Perhaps pondering as he says one of the proudest moments of his career by winning the Apollo Conference title last week for the first time, or winning the 2011 regional championship as a third-seed out of four by defeating Mt. Zion in 1-0 in double overtime, then Charleston for the championship, 1-0, in quadruple overtime on a free kick from 35 yards out.

“We struggled that year,” he said.

The horn blows. Mattoon 7, Richland 0. It’s Ghere’s last regular season home game.

The team comes off the field and gathers together in the bench area readying themselves to go shake hands of the Richland County players. Lily starts laughing and her dad pats her on the head.

“It has been really fun coaching Lily,” he said. “She is super competitive. She is just like her brothers in that aspect. She has been raised in a competitive household. She is different from the boys in the fact that she is more of a free spirit. She can joke around one minute and then be dead serious the next. She loves to win and perform well. We have kept a good relationship throughout.”

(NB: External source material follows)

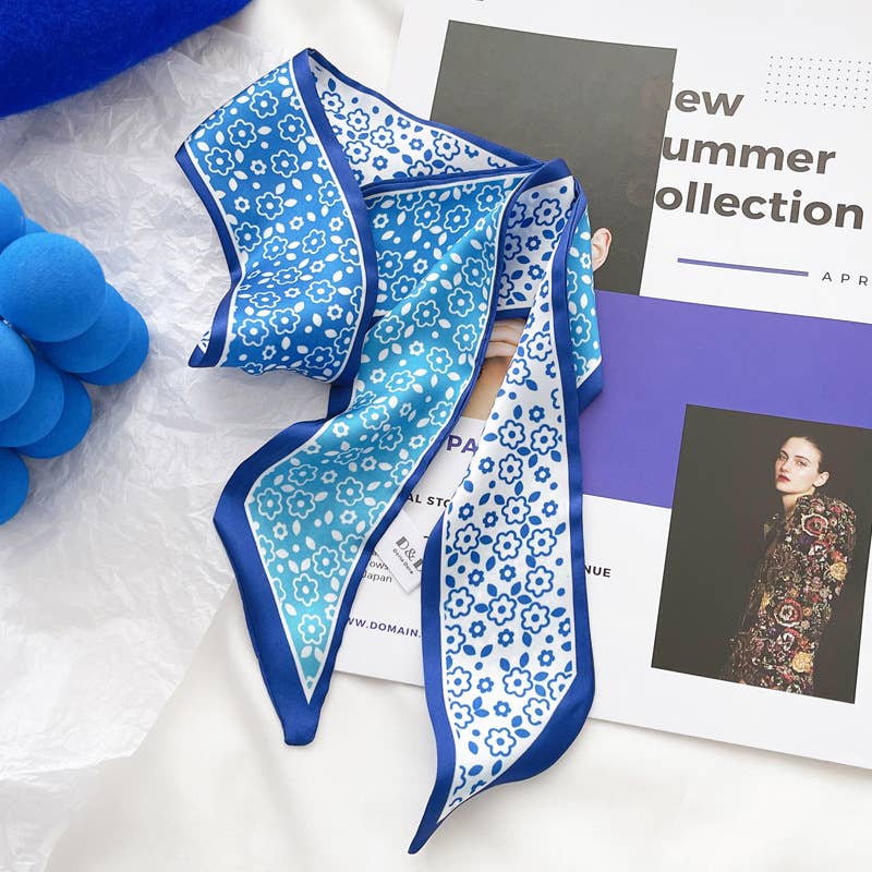 Elegant floral print blue scarf

The team shakes the Richland County players’ hands and he exchanges pleasantries with their coach and the officials. They jovially banter. A ref jokes about Ghere becoming one of them out there as an official. Ghere lightheartedly responds, saying something about losing 20 IQ points if he were to do so.

While Ghere won’t officiate, he says he plans to stay involved in the Mattoon soccer community.

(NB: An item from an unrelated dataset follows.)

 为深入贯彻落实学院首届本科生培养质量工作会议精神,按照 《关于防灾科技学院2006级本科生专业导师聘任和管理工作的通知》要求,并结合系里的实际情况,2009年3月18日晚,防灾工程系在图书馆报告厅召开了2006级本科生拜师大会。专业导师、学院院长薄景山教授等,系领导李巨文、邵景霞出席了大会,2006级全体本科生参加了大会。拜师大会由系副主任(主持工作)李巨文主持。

“I am friends with the new coaches and will want to watch them succeed,” he said. “I think both programs will be in good hands going forward. I will want to watch the underclassmen continue to play and grow. I may even referee some games to give back a little bit.”

He gathers his team together a final time and implores them to understand how talented they are. He asks them to understand what their potential can be. They’re now 20-2-1.

They talk about the goals they established in the beginning of the season. Getting 20 wins, he says. Done. The girls throw their hands in the air. There’s still another one. Regionals is next week.

He tries to have them see his passion for the sport. 

“It’s something I’ve really enjoyed to do,” Ghere says. “I’m going to miss it. It’s time to try something different.”

Ghere is 213-218-40 as the MHS girls soccer coach. He was 294-218-60 as the boys coach, giving him more than 500 career wins.

The conversation turns a bit somber for the coach, who brings it back to the present. It’s senior night. It’s not about him he says, it’s about them.

“Hey, we’ve got a lot of season left to go here. We’ve got a game Wednesday at Centennial and a postseason that we’d like to make a run in.”